Let G be a split reductive group over a finite field F_q. Let F=F_q(t) and A be the adeles of F. We describe the local constituents at each valuation of F of all the irreducible representations of G(A) that occur discretely in L²(G(F)\G(A)) and have non-zero vectors invariant under the compact open subgroup K of G(A) which is a product Iwahori subgroups at two valuations of F and maximal compact subgroups at all the other valuations.

This is done by showing, firstly, that the space generated by the representations mentioned above is spanned by residues of Eisenstein series associated to an unramified automorphic characters of a maximal split torus of G. This imposes consistency conditions on the local constituents at different valuations of a fixed automorphic representation. An earlier result of the speaker describes the local constituents of the aforementioned representations at the two places where the local factor of K is Iwahori. This, together with the consistency conditions uniquely determines the local constituents at all places of the automorphic representation.

RONALD SKLAR, St.
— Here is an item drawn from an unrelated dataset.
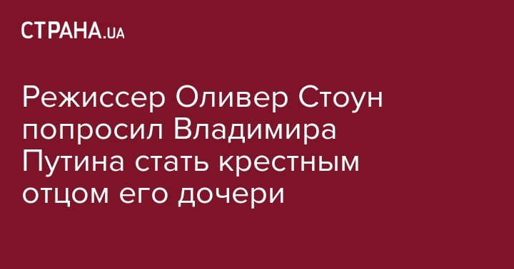 На сайте Кремля появилось интервью американского режиссера Оливера Стоуна с российским лидером Владимиром Путиным, которое состоялось еще 19 июня. В ходе интервью Стоун попросил Путина стать крестным его дочери.

John's University, Jamaica, New York  11439, USA
Mathematical techniques for circumventing query-set-size control in a statistical database [PDF]

This talk will discuss the method of attacking a statistical database by the use of a tracker. Different types of trackers will discussed, and it will be shown that one of the commonly used techniques, namely query-set-size control, for protecting a statistical database can easily be subverted by the use of a tracker. The simple mathematics employed makes this interesting and timely topic one that can be successfully incorporated into a mathematics liberal arts course for non-majors.

VLADLEN TIMORIN, University of Toronto, Tornoto, Ontario  M5S 3G3
Circles and Clifford algebras [PDF]

We study smooth maps from an open subset of R^m to an open subset of Rⁿ that take germs of straight lines to germs of circles. ``Degenerate circles'', i.e. lines or points, are counted as circles. We give a construction of such maps based on representations of Clifford algebras. It provides a complete purely geometric description of Clifford algebras representations in terms of circles.